→ **Dataset excerpt**
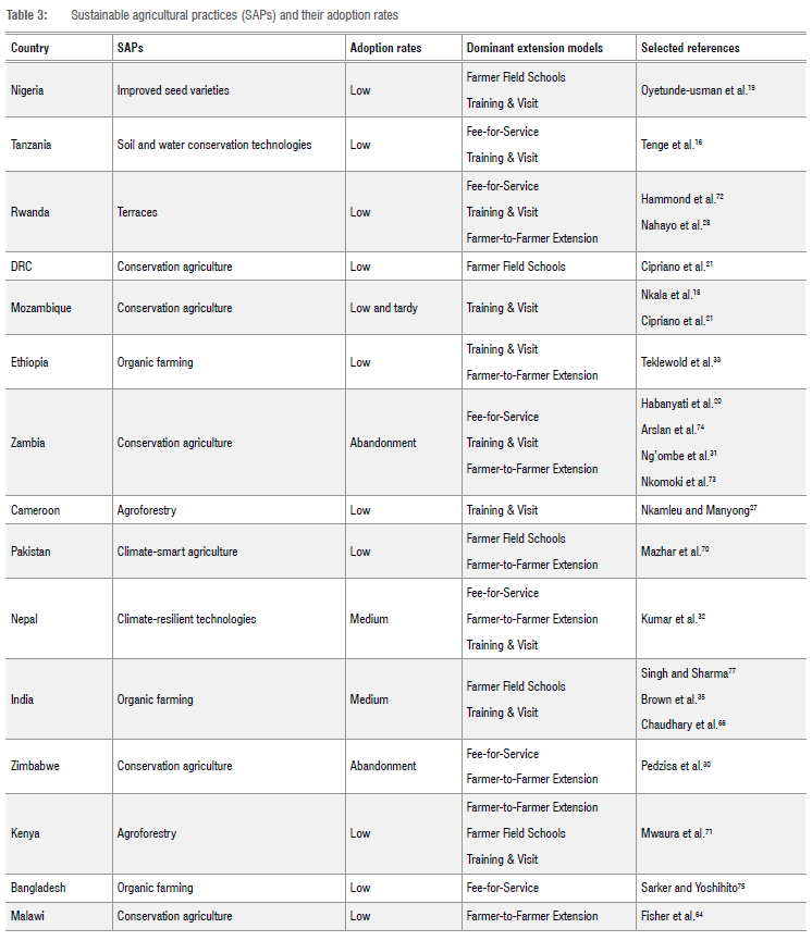 The quest for the widespread adoption of SAPs (climate-smart agriculture) was found to be complicated in Pakistan.70 In Nepal, Kumar et al.32 found that the United States Agency for International Development (USAID)-led Knowledge-Based Integrated Sustainable Agriculture in Nepal (KISAN) recipient farmers adopted SAPs (climate-resilient technologies) instead of KISAN non-beneficiary farmers. SAPs (organic farming) are progressively more widespread with low-to-medium adoption and are stable in India.2,76,77 However, smallholder farmers continue to cultivate less than 1 ha of land under SAPs.76 Similarly, a study in Zambia by Habanyati et al.20 revealed that smallholder farmers who had adopted conservation agriculture were cultivating tiny portions of land whilst larger portions were under conventional agriculture. This scenario is a reflection of imperfections identified in the extension models implemented in these particular countries. The research results reveal that no specific extension model is adequate on its own, and that to generate impactful adoption rates of SAPs across the selected regions, a more integrative and contextualised strategy is imperative.
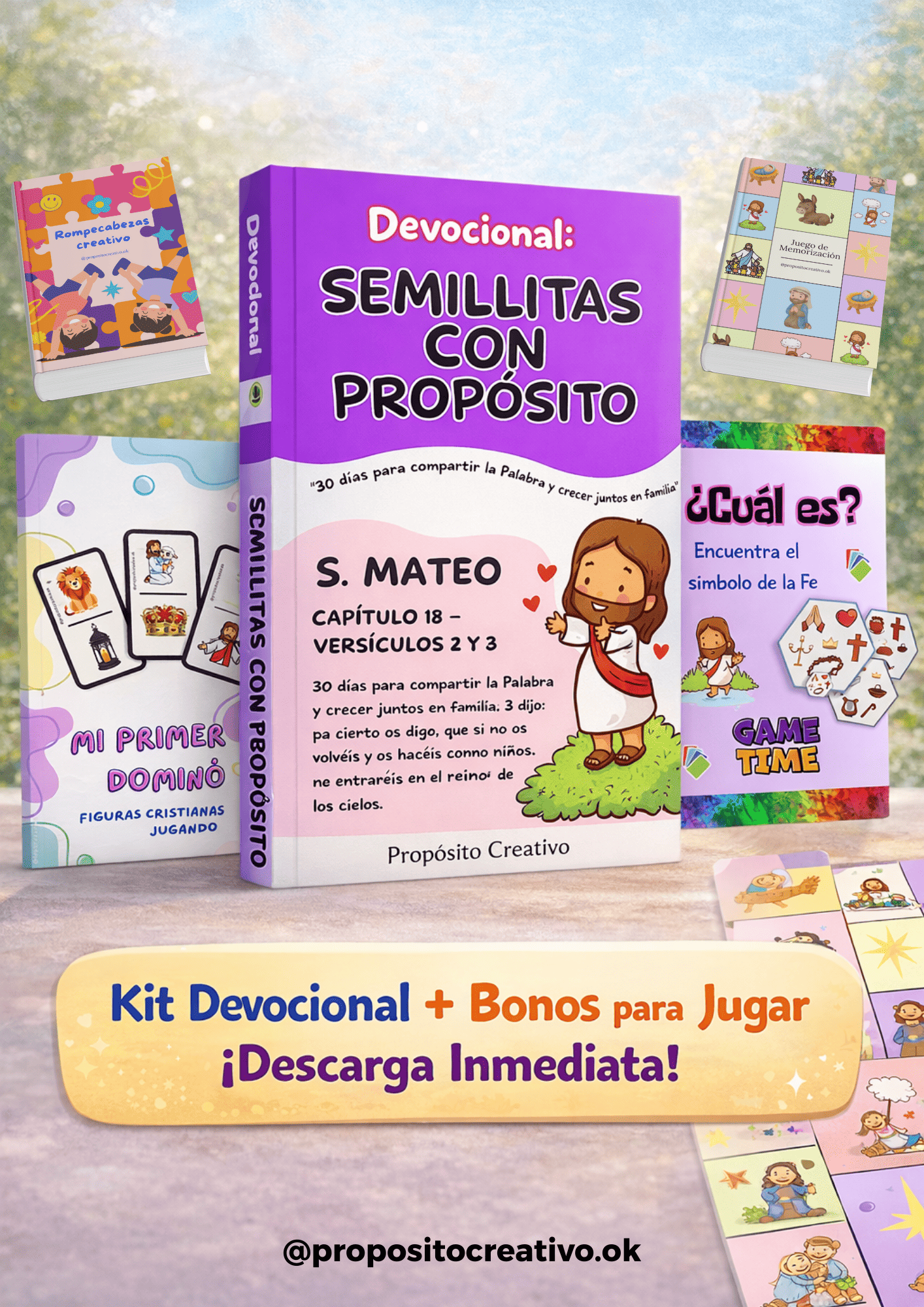 Incluye el Devocional de 30 días + 4 bonos de regalo: Juego de Memorización, Rompecabezas de imágenes bíblicas, Juego de Cartas “¿Cuál es?” y Mi Primer Dominó Bíblico.
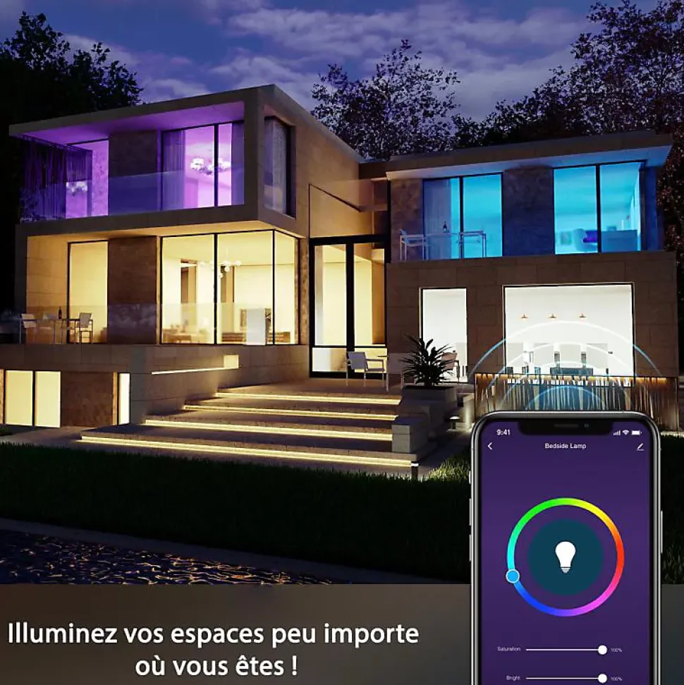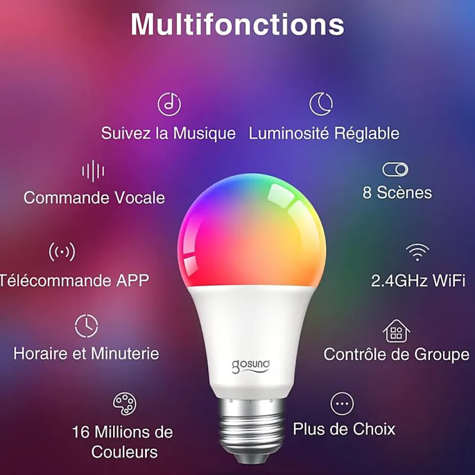 FACILE À INSTALLERPour connecter votre ampoule, suivez pas à pas la notice explicative que vous trouverez dans notre guide utile. Une fois l’appairage effectué, vous serez en mesure de gérer votre éclairage à distance. Pour cela, il vous suffit simplement de télécharger l’application gratuite Gosund ou Tuya, disponible sur iOS et Android. UNE PERSONNALISATION SANS LIMITESCetteAmpoule LED Connectée B22 8W WiFi RGBWvous permet d’éclairer aisément vos pièces à vivre tout en créant une ambiance selon vos besoins grâce à son système RGBW. Depuis l’application gratuite Gosund ou Tuya, cette ampoule vous propose différentes fonctionnalités : gérer plusieurs ampoules simultanément via le contrôle groupé, choisir la couleur que vous souhaitez parmi une très large palette de couleurs (16 millions), régler l’intensité lumineuse de votre ampoule, ou encore programmer quand vous souhaitez qu’elle fonctionne. Il est également possible de réaliser des jeux de lumière une fois la musique allumée ! UNE TECHNOLOGIE INNOVANTEConçue pour durer et résister à l’usure, l’Ampoule LED Connectée B22 8W WiFi RGBWviendra parfaire votre décoration ambiante. Elle vous accompagnera lors de vos soirées notamment lorsque vous activerez le mode > qui vous permettra de donner du dynamisme à votre éclairage. Grâce à sa technologie innovante, vo
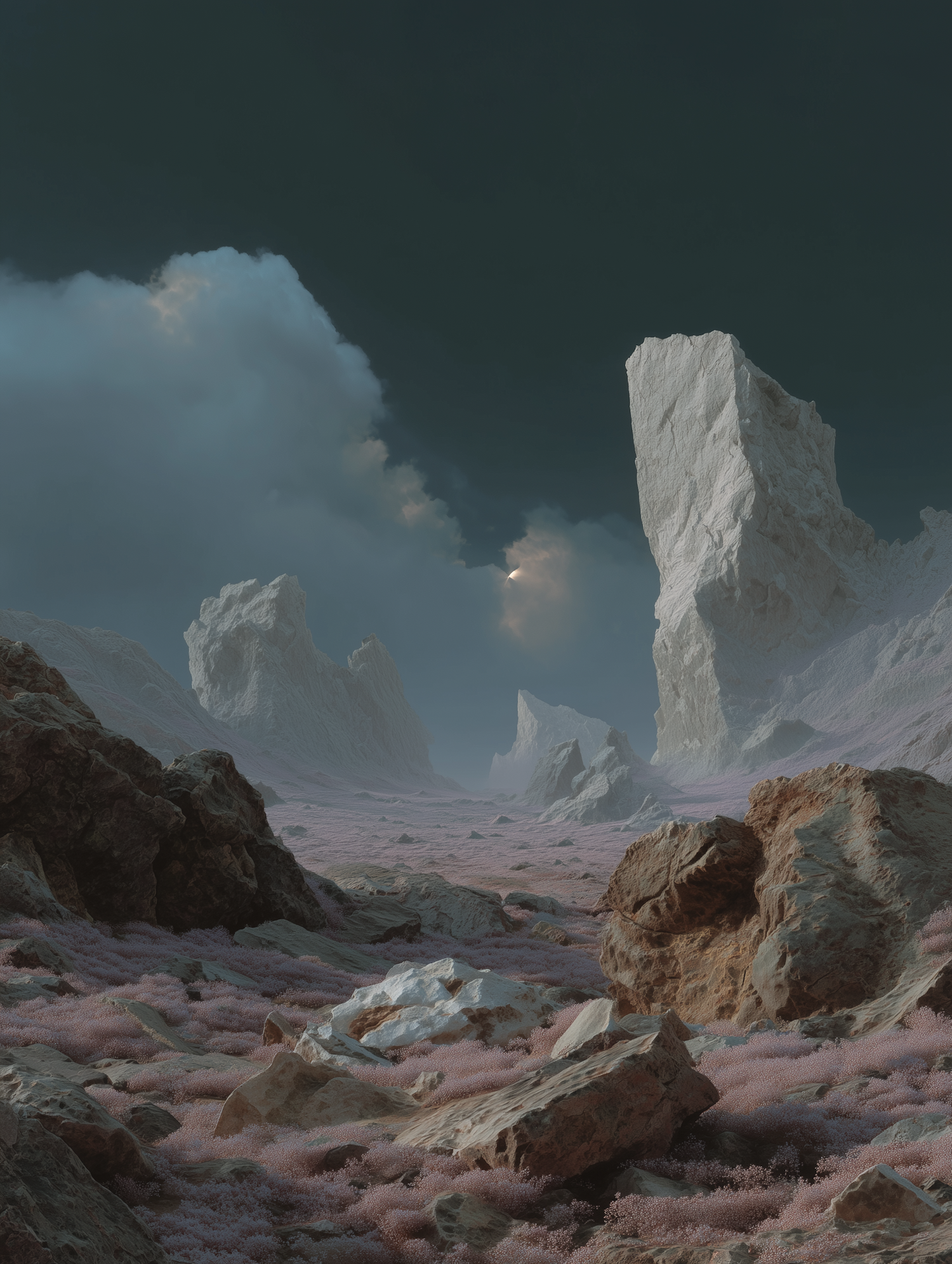 Surreal rocky landscape with pink vegetation under a dark, cloudy sky, illuminated by a faint moonlight. A mysterious and ethereal scene.

→ **Exercise objective**
Give the listing above again in its entirety, exactly as written and free of images.

→ **Solution to this task**
 The quest for the widespread adoption of SAPs (climate-smart agriculture) was found to be complicated in Pakistan.70 In Nepal, Kumar et al.32 found that the United States Agency for International Development (USAID)-led Knowledge-Based Integrated Sustainable Agriculture in Nepal (KISAN) recipient farmers adopted SAPs (climate-resilient technologies) instead of KISAN non-beneficiary farmers. SAPs (organic farming) are progressively more widespread with low-to-medium adoption and are stable in India.2,76,77 However, smallholder farmers continue to cultivate less than 1 ha of land under SAPs.76 Similarly, a study in Zambia by Habanyati et al.20 revealed that smallholder farmers who had adopted conservation agriculture were cultivating tiny portions of land whilst larger portions were under conventional agriculture. This scenario is a reflection of imperfections identified in the extension models implemented in these particular countries. The research results reveal that no specific extension model is adequate on its own, and that to generate impactful adoption rates of SAPs across the selected regions, a more integrative and contextualised strategy is imperative.
 Incluye el Devocional de 30 días + 4 bonos de regalo: Juego de Memorización, Rompecabezas de imágenes bíblicas, Juego de Cartas “¿Cuál es?” y Mi Primer Dominó Bíblico.
 FACILE À INSTALLERPour connecter votre ampoule, suivez pas à pas la notice explicative que vous trouverez dans notre guide utile. Une fois l’appairage effectué, vous serez en mesure de gérer votre éclairage à distance. Pour cela, il vous suffit simplement de télécharger l’application gratuite Gosund ou Tuya, disponible sur iOS et Android. UNE PERSONNALISATION SANS LIMITESCetteAmpoule LED Connectée B22 8W WiFi RGBWvous permet d’éclairer aisément vos pièces à vivre tout en créant une ambiance selon vos besoins grâce à son système RGBW. Depuis l’application gratuite Gosund ou Tuya, cette ampoule vous propose différentes fonctionnalités : gérer plusieurs ampoules simultanément via le contrôle groupé, choisir la couleur que vous souhaitez parmi une très large palette de couleurs (16 millions), régler l’intensité lumineuse de votre ampoule, ou encore programmer quand vous souhaitez qu’elle fonctionne. Il est également possible de réaliser des jeux de lumière une fois la musique allumée ! UNE TECHNOLOGIE INNOVANTEConçue pour durer et résister à l’usure, l’Ampoule LED Connectée B22 8W WiFi RGBWviendra parfaire votre décoration ambiante. Elle vous accompagnera lors de vos soirées notamment lorsque vous activerez le mode > qui vous permettra de donner du dynamisme à votre éclairage. Grâce à sa technologie innovante, vo
 Surreal rocky landscape with pink vegetation under a dark, cloudy sky, illuminated by a faint moonlight. A mysterious and ethereal scene.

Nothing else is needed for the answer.